I’m not talking about using processor cache, but the (up to) 128GB of DDR3 DRAM the is adjacent to the processors within each VMAX Engine. The VSP only has 2GB of such directly-accessible DDR3 – everything else (as you point out) is separately managed on the other side of 2 PCIe Gen1 busses as Data and Control store. EVERY time the VSP needs to access user data OR control data, it has to traverse those PCI busses, whereas VMAX enjoys the majority of memory references directly over the local memory channels, and only has “reach out” over the low-latency RapidIO fabrics for a small fraction of total memory operations.
I never said you moved a page for every access – I gave a theoretical example for metadata overhead of 8 bytes, and demonstrated that the relative “cost” of relocation was 1/6th as much on VMAX as on VSP.
Everyone gets confused by FAST VP extents and meta data. Although I have explained it before, and there are several good white papers on the subject, I’ll explain again.
You started from the wrong end, though. As you know, Symmetrix is a track-oriented system, and even to this day we maintain metadata at the track level (such as whether any of the bytes within each track have ever been written to by the host). And the building block for FAST VP is Symmetrix Virtual Provisioning. So…
* VMAX tracks are 64KB in size.
* VMAX Virtual Provisioning allocates data in 12-track VP extents – 768KB, because that optimizes how we stripe data across RAID sets. Zero space reclaim on VMAX can release unneeded capacity in increments of 768KB, while the smallest amount of capacity USP/VSP can unmap is 42MB. While the LBA range within a VP extent is contiguous, VP extents need not be consecutive in the pools (which enables FAST VP).
* FAST VP tracks utilization in *logical* FAST VP sub-extents of 10 VP extents – 7.5MB. (because that is the optimal size we found after monitoring access patterns of over 3500 production applications across a broad range of applications and platforms). These FAST VP extents can be “sparse” – only the allocated VP extents are counted, and only those tracks within each of the VP extents that have actually been written to by the host are ever moved.
* FAST VP also records “aging” metadata at a granularity of 480 FAST VP sub-extents, or (approximately) 360MB. When FAST VP needs to free up space in a tier, it can quickly identify the least-busy 360MB and schedule it for demotion – and no, if any of that 360MB hasn’t been actually written to, it won’t be consuming memory (at a granularity of a track), nor will it actually get copied.
Finally, as I am sure you can appreciate, it is difficult to create a repeatable workload that demonstrates the agility of a particular Auto-Tiering implementation while also being representative of the real world. EMC’s performance engineers have done just that, and we routinely compare our products to competitors actual products in our own labs using scientific methods, strict controls, and engineers well-versed in the theoretical and experiential best practices for the platforms being tested. I posted the results of some of those comparisons in earlier blog postings on FAST VP (4.001 compares VMAX FAST VP to VSP HDT, for example). We also validate our results with customers who have also tested both products, and so far, there has been no disagreement that FAST VP is more efficient, requires less SSD capacity, delivers better response times and reacts more quickly to workload changes with less impact on response times.
In the end, I guess I have an advantage over you: I don’t have to make up my competitive assertions…see my upcoming blog post for more background on why smaller is actually, much, MUCH better…

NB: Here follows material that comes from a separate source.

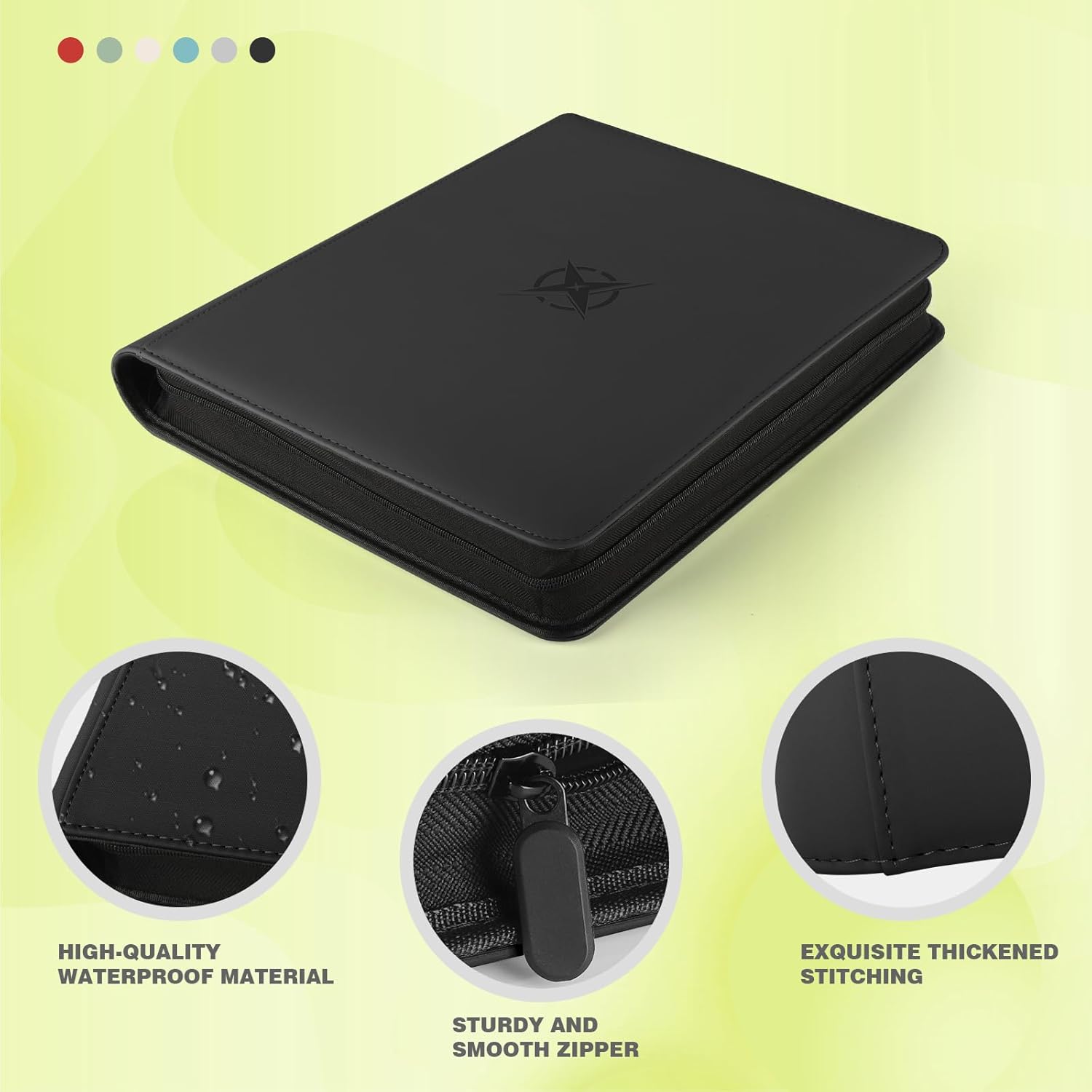 - Premium Zipper Closure for Extra Safety:Premium zipper closure provides added security This card collection binder comes with a premium, smooth zipper that protects against dust, moisture and accidental spills, ensuring that your cards and baseball binder remain intact.

Hu Yoshida on 06 Jul 2011 at 6:08 pm


So how much metadata do you store for each track, each FAST VP extent, and each sub extent? What if the tracks in an extent or sub extent were in different VMAX engines? I checked the blog post you referenced, but it’s lacking configuration details, which makes it is hard to know what is really being compared. From the chart, it is apparent that you are comparing a VMAX that started relocation at +8 hours to a VSP that started relocation at +24 hours, but this essentially gives VMAX a 16 hour head start. Therefore, the comparison should have been done using the same relocation start time, but without the configuration details, this chart is meaningless.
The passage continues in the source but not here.